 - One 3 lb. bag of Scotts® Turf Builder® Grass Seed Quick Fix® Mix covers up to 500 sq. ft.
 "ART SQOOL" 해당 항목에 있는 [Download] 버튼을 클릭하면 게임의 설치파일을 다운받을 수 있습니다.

* * *

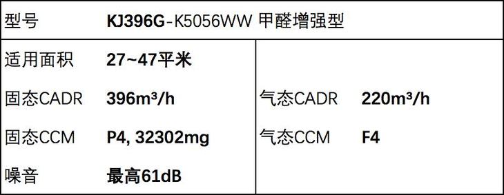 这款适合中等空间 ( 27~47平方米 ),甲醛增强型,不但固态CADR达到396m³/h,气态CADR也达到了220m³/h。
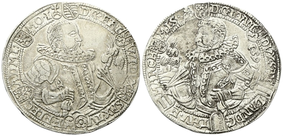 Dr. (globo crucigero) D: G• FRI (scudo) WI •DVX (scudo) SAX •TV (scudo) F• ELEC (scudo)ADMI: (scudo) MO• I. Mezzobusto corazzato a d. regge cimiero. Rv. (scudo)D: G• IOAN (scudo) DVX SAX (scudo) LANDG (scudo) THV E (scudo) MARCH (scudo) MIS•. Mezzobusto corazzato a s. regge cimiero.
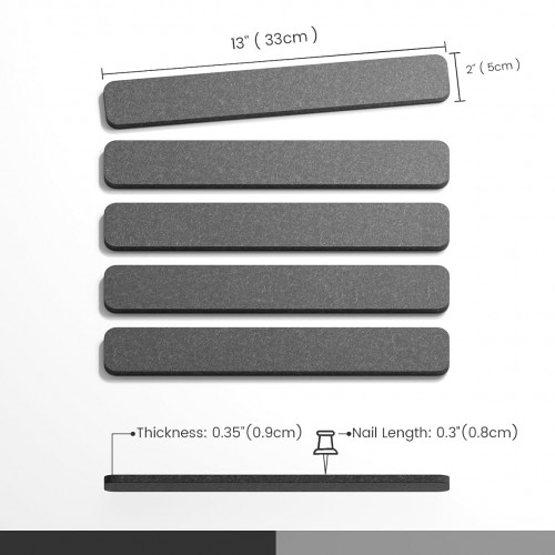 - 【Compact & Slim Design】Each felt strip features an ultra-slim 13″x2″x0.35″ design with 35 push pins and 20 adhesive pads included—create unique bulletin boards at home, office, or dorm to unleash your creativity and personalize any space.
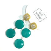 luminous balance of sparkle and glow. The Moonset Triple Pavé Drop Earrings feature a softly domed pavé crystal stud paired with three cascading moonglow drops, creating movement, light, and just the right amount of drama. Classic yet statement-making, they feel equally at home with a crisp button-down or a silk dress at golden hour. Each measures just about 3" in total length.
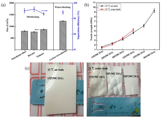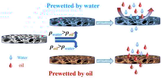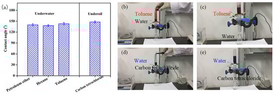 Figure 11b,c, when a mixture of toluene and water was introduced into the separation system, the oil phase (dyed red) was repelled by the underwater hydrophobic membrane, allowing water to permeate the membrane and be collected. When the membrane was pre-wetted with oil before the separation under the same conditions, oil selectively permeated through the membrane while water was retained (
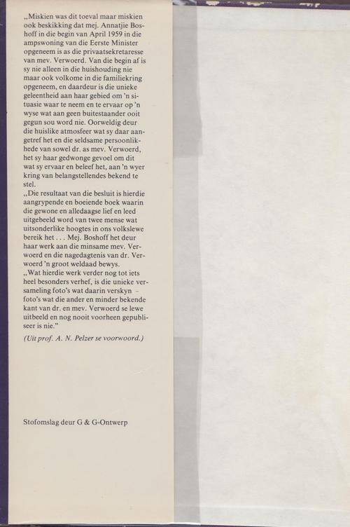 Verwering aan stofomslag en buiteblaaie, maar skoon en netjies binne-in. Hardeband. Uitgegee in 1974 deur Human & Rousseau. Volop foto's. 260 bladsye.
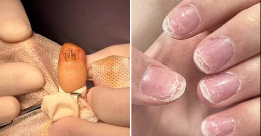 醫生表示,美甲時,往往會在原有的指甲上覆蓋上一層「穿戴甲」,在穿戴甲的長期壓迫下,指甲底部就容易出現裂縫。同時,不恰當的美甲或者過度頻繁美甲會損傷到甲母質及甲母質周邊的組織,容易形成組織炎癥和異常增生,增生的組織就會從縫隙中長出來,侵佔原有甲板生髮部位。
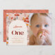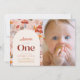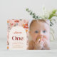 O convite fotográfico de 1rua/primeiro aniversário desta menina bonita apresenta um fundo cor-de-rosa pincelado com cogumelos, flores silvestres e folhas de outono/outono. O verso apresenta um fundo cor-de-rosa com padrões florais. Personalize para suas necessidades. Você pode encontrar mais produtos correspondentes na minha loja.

* **What the task requires**
Starting with the line that has "luminous balance of" and ending with the line that has "O convite fotográfico", repeat the lines above exactly, omitting every picture.

* **Worked solution**
 luminous balance of sparkle and glow. The Moonset Triple Pavé Drop Earrings feature a softly domed pavé crystal stud paired with three cascading moonglow drops, creating movement, light, and just the right amount of drama. Classic yet statement-making, they feel equally at home with a crisp button-down or a silk dress at golden hour. Each measures just about 3" in total length.
 Figure 11b,c, when a mixture of toluene and water was introduced into the separation system, the oil phase (dyed red) was repelled by the underwater hydrophobic membrane, allowing water to permeate the membrane and be collected. When the membrane was pre-wetted with oil before the separation under the same conditions, oil selectively permeated through the membrane while water was retained (
 Verwering aan stofomslag en buiteblaaie, maar skoon en netjies binne-in. Hardeband. Uitgegee in 1974 deur Human & Rousseau. Volop foto's. 260 bladsye.
 醫生表示,美甲時,往往會在原有的指甲上覆蓋上一層「穿戴甲」,在穿戴甲的長期壓迫下,指甲底部就容易出現裂縫。同時,不恰當的美甲或者過度頻繁美甲會損傷到甲母質及甲母質周邊的組織,容易形成組織炎癥和異常增生,增生的組織就會從縫隙中長出來,侵佔原有甲板生髮部位。
 O convite fotográfico de 1rua/primeiro aniversário desta menina bonita apresenta um fundo cor-de-rosa pincelado com cogumelos, flores silvestres e folhas de outono/outono. O verso apresenta um fundo cor-de-rosa com padrões florais. Personalize para suas necessidades. Você pode encontrar mais produtos correspondentes na minha loja.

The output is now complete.